Joel Levine
Professor Emeritus
John S. Toll Professor
PhD, Washington University
Member, Stony Brook Glial Network
Life Sciences Building
Office: Room 514
Lab: Room 521
Phone: (631) 632-8642
Fax: (631) 632-6661
DR. LEVINE'S LAB IS NO LONGER ACCEPTING STUDENTS. THANK YOU FOR YOUR INTEREST.
Training
Joel Levine attended the University of Pennsylvania and received a B.A. degree in
English in 1966. He attended Washington University and received a Ph.D. in Neural
Sciences in 1980. He was a Postdoctoral Fellow at The Salk Institute from 1980 to
1983 and a Research Associate in the Molecular Neurobiology Laboratory at the Salk
Institute from 1983 to 1984. He joined the Department of Neurobiology and Behavior
at Stony Brook in 1984 as Assistant Professor. He was promoted to the rank of Associate
Professor with tenure in 1990 and to Full Professor in 1998. From 2001 to 2007 he
served as Associate Editor for the Journal of Neuroscience. He has been a member of
the Society for Neuroscience since 1984.
Research Interests/Expertise
Glial cells are the most numerous and most poorly understood component of the central
nervous system. Traditionally, they have been thought of as a "glue-like" substance
providing nutritive and metabolic support to neurons. We know now that glia are a
highly diverse and dynamic population of cells actively involved in all aspects of
neuronal function ranging from guiding axons to their targets during development to
regulating synaptic development, transmission and plasticity in the adult. Glia also
play important roles in many diseases. Our research pioneered studies of oligodendrocyte
precursor cells (also known as NG2 cells) in developing and adult animals.
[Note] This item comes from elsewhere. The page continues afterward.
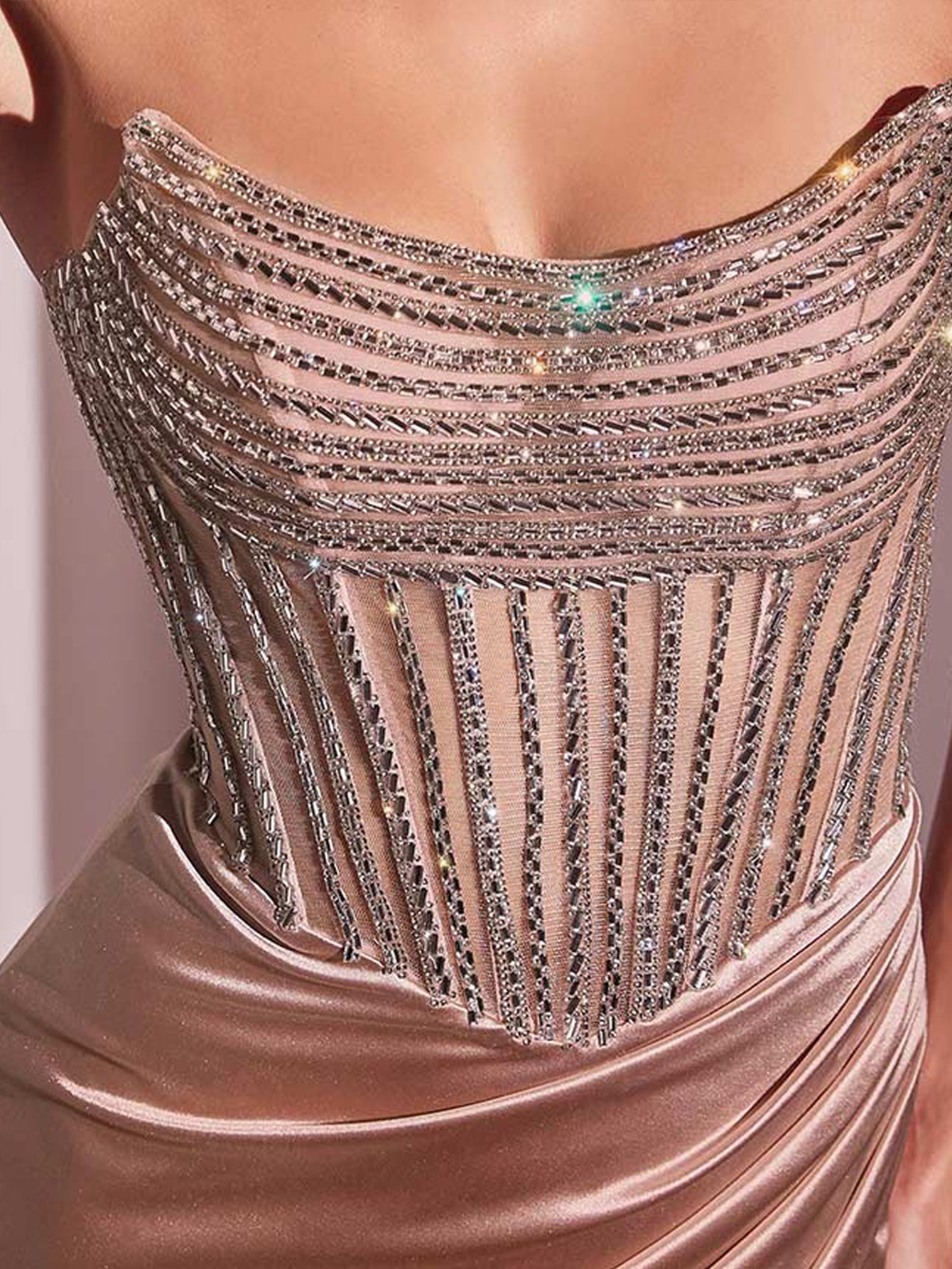 Pleated Luxury Crystal Mermaid Prom Dress - Rose Gold

Recent
studies have been aimed at understanding 1) the functions of oligodendrocvte precursor
cells in spinal cord injury and repair, 2) how molecules secreted by NG2 cells act
to inhibit or prevent axon growth, 3) mechanisms that regulate the differentiation
of NG2 cells into myelin-forming cells in animal models of multiple sclerosis, and
4) the epigenetic regulation of cell fate and plasticity in developing and adult oligodendrocytes.